The phrase “not your keys, not your coins” is a popular saying in the cryptocurrency community. It means that if you don’t possess the private keys to your cryptocurrency wallet, you don’t truly own the assets stored in that wallet. Private keys are like the password to your wallet, granting you access and control over your digital assets. If a third party controls your private keys, they can control your funds, which puts you at risk of theft or loss.
The phrase is used to emphasize the importance of security and self-custody in the cryptocurrency world. It encourages users to hold their own private keys, rather than relying on third-party services like centralized exchanges, which can be hacked or become insolvent.
Various scams have occurred in the past where people have lost their coins due to not holding their own keys:
- Exchange hacks: When an exchange is hacked, user funds can be stolen. Examples include the Mt. Gox hack in 2014, where 850,000 bitcoins were stolen, and the Coincheck hack in 2018, where approximately $534 million worth of NEM tokens were stolen.
- Ponzi schemes: Scammers create fake investment platforms, promising high returns with minimal risk. Participants are asked to deposit their cryptocurrency into a wallet controlled by the scammers. Eventually, the scammers disappear with the funds. One example is the BitConnect scheme that collapsed in 2018, causing losses of more than $1 billion.
- Phishing attacks: Scammers create fake websites that resemble legitimate cryptocurrency platforms. Unsuspecting users enter their private keys or login credentials, which the scammers then use to steal funds. For instance, in 2020, a massive phishing campaign targeted Ledger hardware wallet users, with scammers collecting sensitive data and attempting to steal funds.

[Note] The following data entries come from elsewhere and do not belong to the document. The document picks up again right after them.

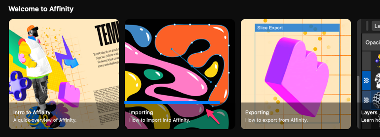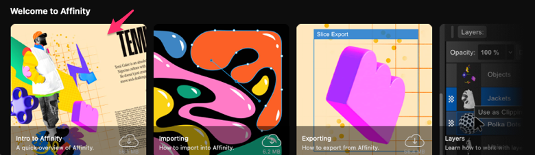 Your project file includes a placed Affinity file. It has been added as shown in the video and hidden for us to use later.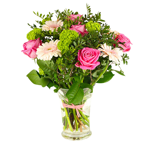 Rundbunden bukett med ljusrosa germini, rosa rosor, viburnum eller alchemilla och pistach.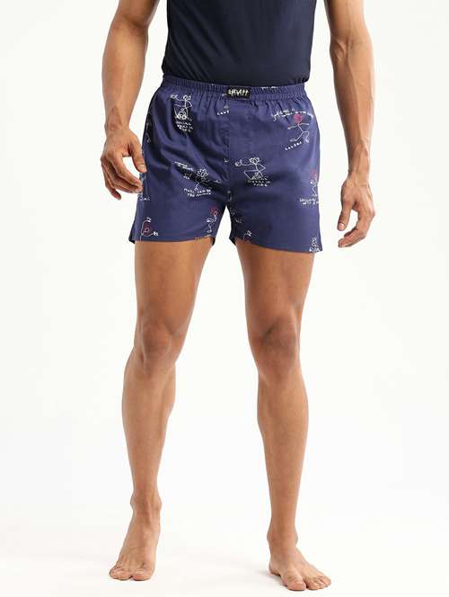 SHOWOFF Men's Cotton Slim Fit Printed Blue Boxer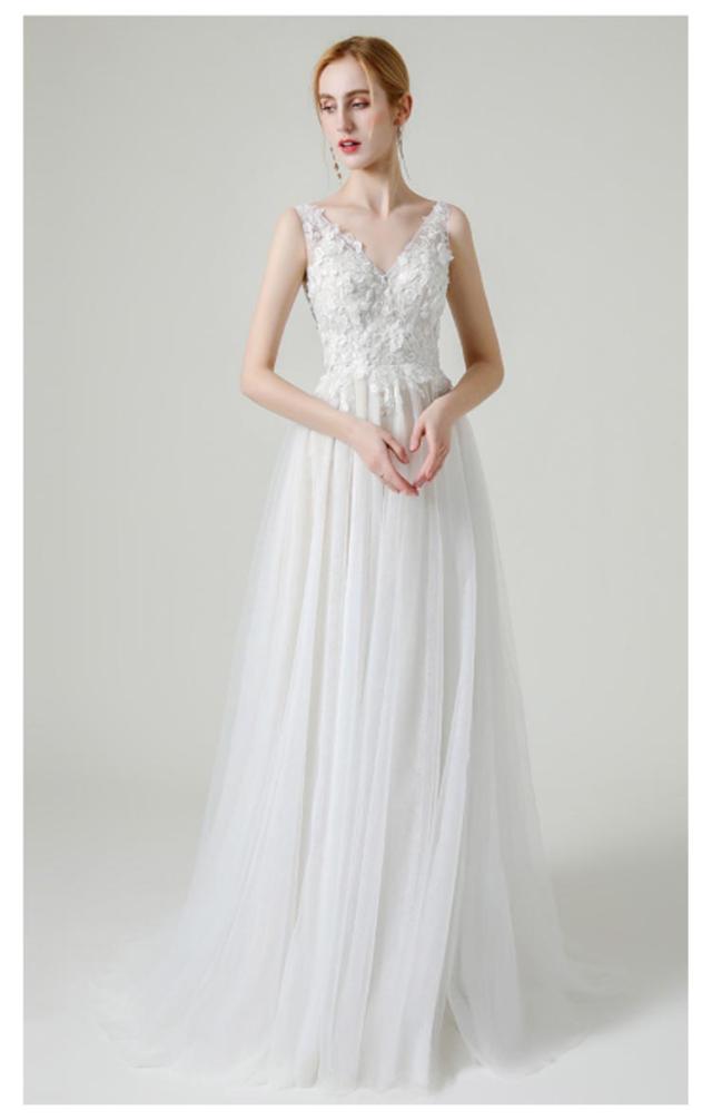 | 胸元に小花と刺繍がかわいいウエディングドレス。 ふんわりチュール素材で着心地もよい。 背中はファスナーで着脱ぎも簡単。 | |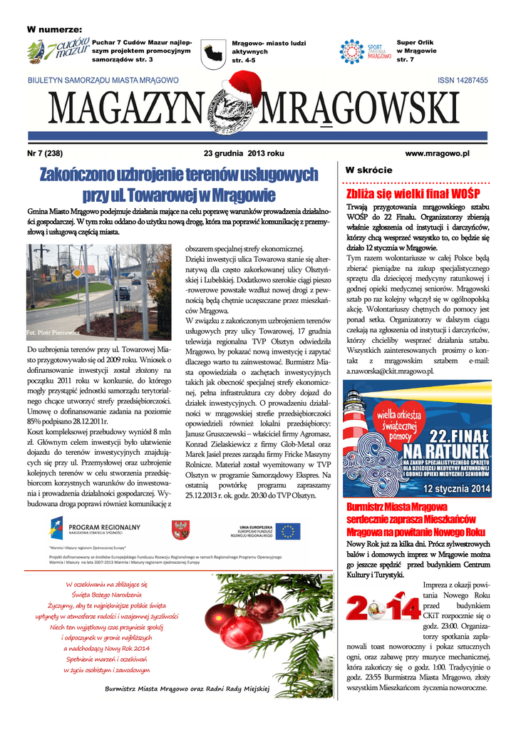 W numerze: Puchar 7 Cudów Mazur najlepszym projektem promocyjnym samorządów str. 3 Nr 7 (238) Super Orlik w Mrągowie str. 7 Mrągowo- miasto ludzi aktywnych str. 4-5 23 grudnia 2013 roku Zakończono uzbrojenie terenów usługowych przy ul. Towarowej w Mrągowie Gmina Miasto Mrągowo podejmuje działania mające na celu poprawę warunków prowadzenia działalności gospodarczej. W tym roku oddano do użytku nową drogę, która ma poprawić komunikację z przemysłową i usługową częścią miasta. Fot. Piotr Piercewicz Do uzbrojenia terenów przy ul. Towarowej Miasto przygotowywało się od 2009 roku. Wniosek o dofinansowanie inwestycji został złożony na początku 2011 roku w konkursie, do którego mogły przystąpić jednostki samorządu terytorialnego chcące utworzyć strefy przedsiębiorczości. Umowę o dofinansowanie zadania na poziomie 85% podpisano 28.12.2011r. Koszt kompleksowej przebudowy wyniósł 8 mln zł. Głównym celem inwestycji było ułatwienie dojazdu do terenów inwestycyjnych znajdujących się przy ul. Przemysłowej oraz uzbrojenie kolejnych terenów w celu stworzenia przedsiębiorcom korzystnych warunków do inwestowania i prowadzenia działalności gospodarczej. Wybudowana droga poprawi również komunikację z obszarem specjalnej strefy ekonomicznej. Dzięki inwestycji ulica Towarowa stanie się alternatywą dla często zakorkowanej ulicy Olsztyńskiej i Lubelskiej. Dodatkowo szerokie ciągi pieszo -rowerowe powstałe wzdłuż nowej drogi z pewnością będą chętnie uczęszczane przez mieszkańców Mrągowa. W związku z zakończonym uzbrojeniem terenów usługowych przy ulicy Towarowej, 17 grudnia telewizja regionalna TVP Olsztyn odwiedziła Mrągowo, by pokazać nową inwestycję i zapytać dlaczego warto tu zainwestować. Burmistrz Miasta opowiedziała o zachętach inwestycyjnych takich jak obecność specjalnej strefy ekonomicznej, pełna infrastruktura czy dobry dojazd do działek inwestycyjnych. O prowadzeniu działalności w mrągowskiej strefie przedsiębiorczości opowiedzieli również lokalni przedsiębiorcy: Janusz Gruszczewski – właściciel firmy Agromasz, Konrad Zielaskiewicz z firmy Glob-Metal oraz Marek Jasiel prezes zarządu firmy Fricke Maszyny Rolnicze. Materiał został wyemitowany w TVP Olsztyn w programie Samorządowy Ekspres. Na ostatnią powtórkę programu zapraszamy 25.12.2013 r. ok. godz. 20:30 do TVP Olsztyn. W oczekiwaniu na zbliżające się Święta Bożego Narodzenia Życzymy, aby te najpiękniejsze polskie święta upłynęły w atmosferze radości i wzajemnej życzliwości Niech ten wyjątkowy czas przyniesie spokój i odpoczynek w gronie najbliższych a nadchodzący Nowy Rok 2014 Spełnienie marzeń i oczekiwań w życiu osobistym i zawodowym Burmistrz Miasta Mrągowo oraz Radni Rady Miejskiej www.mragowo.pl W skrócie Zbliża się wielki finał WOŚP Trwają przygotowania mrągowskiego sztabu WOŚP do 22 Finału. Organizatorzy zbierają właśnie zgłoszenia od instytucji i darczyńców, którzy chcą wesprzeć wszystko to, co będzie się działo 12 stycznia w Mrągowie. Tym razem wolontariusze w całej Polsce będą zbierać pieniądze na zakup specjalistycznego sprzętu dla dziecięcej medycyny ratunkowej i godnej opieki medycznej seniorów. Mrągowski sztab po raz kolejny włączył się w ogólnopolską akcję. Wolontariuszy chętnych do pomocy jest ponad setka. Organizatorzy w dalszym ciągu czekają na zgłoszenia od instytucji i darczyńców, którzy chcieliby wesprzeć działania sztabu. Wszystkich zainteresowanych prosimy o kontakt z mrągowskim sztabem e-mail: [email protected]. Burmistrz Miasta Mrągowa serdecznie zaprasza Mieszkańców Mrągowa na powitanie Nowego Roku Nowy Rok już za kilka dni. Prócz sylwestrowych balów i domowych imprez w Mrągowie można go jeszcze spędzić przed budynkiem Centrum Kultury i Turystyki. Impreza z okazji powitania Nowego Roku przed budynkiem CKiT rozpocznie się o godz. 23:00. Organizatorzy spotkania zaplanowali toast noworoczny i pokaz sztucznych ogni, oraz zabawę przy muzyce mechanicznej, która zakończy się o godz. 1:00. Tradycyjnie o godz. 23:55 Burmistrza Miasta Mrągowo, złoży wszystkim Mieszkańcom życzenia noworoczne. Strona 2 ,,Magazyn Mrągowski” Nr 1 (232) 21 grudnia2011 ,,Magazyn Mrągowski” Nr 7 (238) 23 grudnia 2013 roku Biznesowo o Mazurach Mazury ważnym ośrodkiem turystyki biznesowej w kraju? Oczywiście, że tak! Mazurski Klaster Turystyczny na www.konferencjemazury.com odsłania biznesową stronę mazurskiej turystyki. Portal zawiera kompleksową informację o turystyce biznesowej Mazur. Jest swoistym planerem, który ma służyć organizatorom i uczestnikom biznesowych spotkań. Na stronie znajduję się między innymi wyszukiwarka obiektów konferencyjnych, lista tłumaczy przysięgłych, baza firm organizujących szkolenia czy imprezy integracyjne itd. Stworzenie strony internetowej gromadzącej potrzebne do tego celu informacje to jednak tylko pierwszy krok. Kolejnym będzie przejście od pasywnej prezentacji oferty do aktywnego pozyskiwania firm. Portal został przygotowany w ramach grupy projektowej „Convention Bureau Mazury” Mazurskiego Klastra Turystycznego, zajmującej się promocją regionu jako atrakcyjnego miejsca organizacji spotkań i wydarzeń biznesowych. Koordynatorem MKT jest Lokalna Organizacja Turystyczna „Ziemia Mrągowska”. Strona nie jest jeszcze skończona, na bieżąco będzie uzupełniania. Mrągowski camping wśród najlepszych w Polsce Już po raz kolejny Camping „Cezar” z Mrągowa został laureatem konkursu na najlepszy camping w Polsce „Mister Camping”. W tegorocznej edycji zdobył on III miejsce. W konkursie biorą udział wszystkie campingi zrzeszone w Polskiej Federacji Campingu i Caravaningu (PFCC), zatem konkurencja była spora. Konkurs organizowany jest już od 49 lat przez PFCC we współpracy z Ministerstwem Sportu i Turystyki oraz Polską Organizacją Turystyczną. W skład Jury 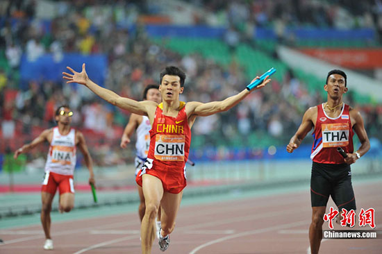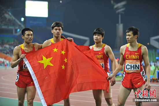 中新网11月26日电 在26日晚结束的广州亚运会田径男子4x100米接力决赛中,新科亚洲“百米王”劳义与陆斌、梁嘉鸿和苏炳添组成的中国队以38秒78的历史最好成绩夺得冠军,20年之后再次夺得亚运会接力冠军。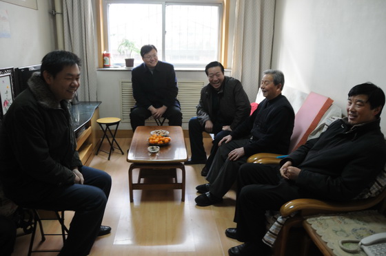 在新春佳节即将来临之际,2011年1月20日上午,开云官网党委书记崔毅率领学院领导及部分中层干部分为三组,带着慰问品,看望开云官网坞城校区、南中环校区和长风校区的退休老干部、老教师,为他们提前送去新春祝福。每到一家,院领导都与老干部、老教师亲切交谈,了解他们退休以后的生活情况和身体健康状况,向老领导、老教师们通报学院工作情况,并向他们征求对学院工作的意见和建议。老干部、老教师对学院的老干部工作非常满意,他们表示,将继续发挥余热,为促进学院又好又快发展、全面构建和谐社会主义社会做出力所能及的贡献。
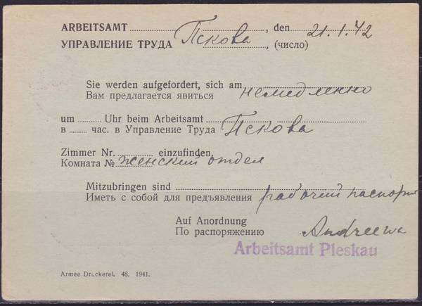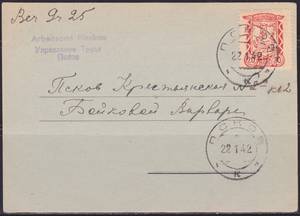 Штемпель " Псков 22.01.1942 * к * ". Почтовое Отправление ( Повестка на работу ) франкировано маркой Немецкой оккупации Пскова 1942 года - № 11 - 20 коп. красно-коричневая. Герб города Пскова. |

- Fake wallet apps: Some scammers create fake wallet apps that look like popular and trusted wallets. When users enter their private keys, the scammers gain access to the funds. In 2017, a fake version of the MyEtherWallet app was available on the Apple App Store, leading to the loss of user funds.
To avoid these risks and scams, it’s crucial to hold your own private keys and follow best practices for securing your digital assets. This includes using hardware wallets, enabling two-factor authentication, and being cautious when visiting websites or downloading apps.